There’s more on top of that outside of her ag activities: In addition to her studies, Dana also participates in Student Council, Leo’s Club, Outdoors Club, softball, being the school band’s drum major and singing in choir; and she’s gearing up to play the title character in the school’s spring musical, “Moana Jr.” from March 11-13 at the high school auditorium. She also won the 2021 Miss Amboy pageant, which she considers one of her proudest achievements.

While going to high school opened the door for all of those opportunities, learning more about agriculture made the biggest impact on her. Growing up in town, she didn’t know a whole lot about agriculture, and even less about FFA. When some older friends got to talking about the their involvement in FFA, it eventually caught Merriman’s attention and pulled her in.

“I didn’t really know that much about it, but being in FFA for 4 years has really opened my eyes to everything that ag has to offer,” Dana said. “I started falling in love with it.
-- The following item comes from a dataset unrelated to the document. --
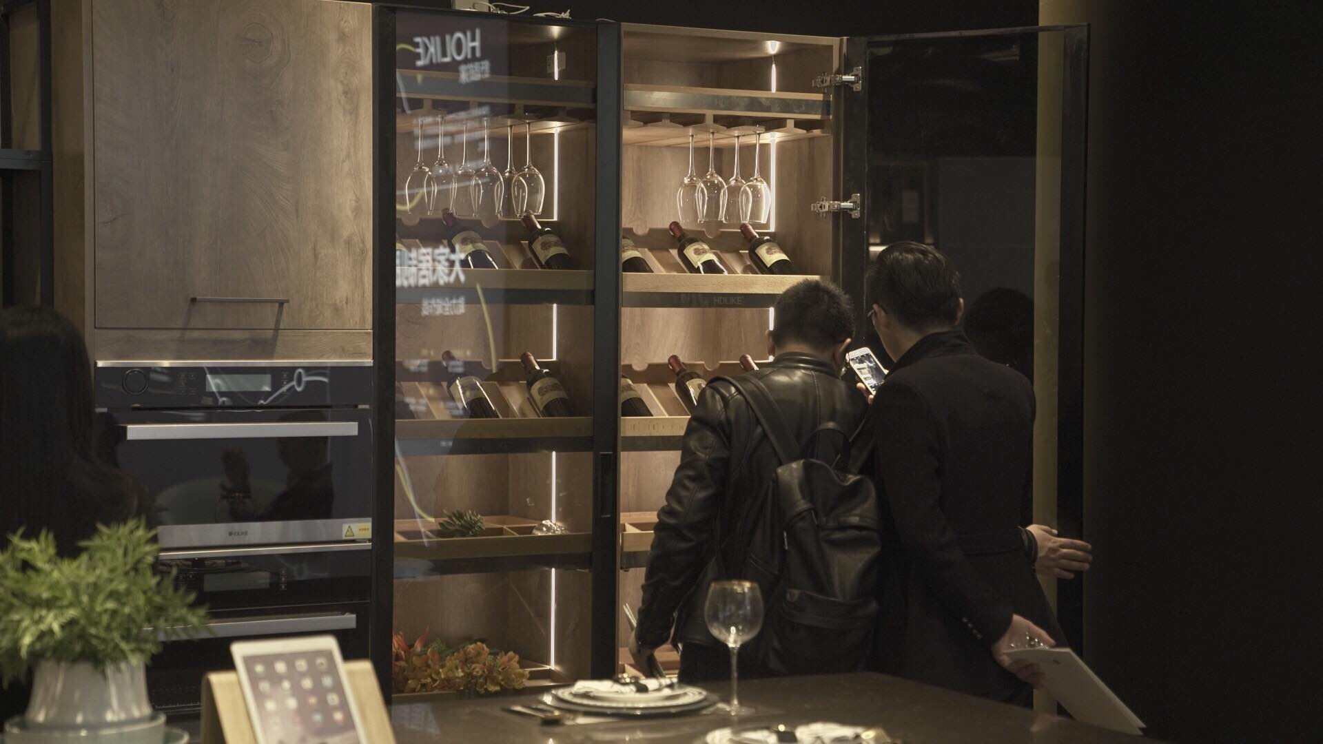 好莱客展馆设计以全屋定制T.O.P解决方案为核心,展示的是全新的家居体验感,在尽可能多样的基础上,赋予每个空间更多内涵与外延。同时动线和家居产品的设置使进来参观的人不仅是进入一个展示区,而是体验了一整个家居生态系统。

I started taking [more] ag classes and trying to soak up everything that I could and constantly learning new things.”

This semester, Dana is continuing her studies in an ag science class, where students are learning the concepts behind constructing farm buildings, and some of those concepts have made their way from the farm to the stage, where students can apply what they’ve learned to the building of sets for “Moana Jr.,” including a boat.

After high school, Dana plans to continue with her agriculture studies in college. She hasn’t chosen yet where to attend, but by mid-January she had been accepted to Illinois State, Southern Illinois and Iowa State universities. As far as what field she’ll go into, she’s still thinking about it. Who knows. She may even become a teacher again.

“I really enjoyed it,” she said of her time as a student-teacher. “It was a good experience. It was really fun. I’d definitely do it again.”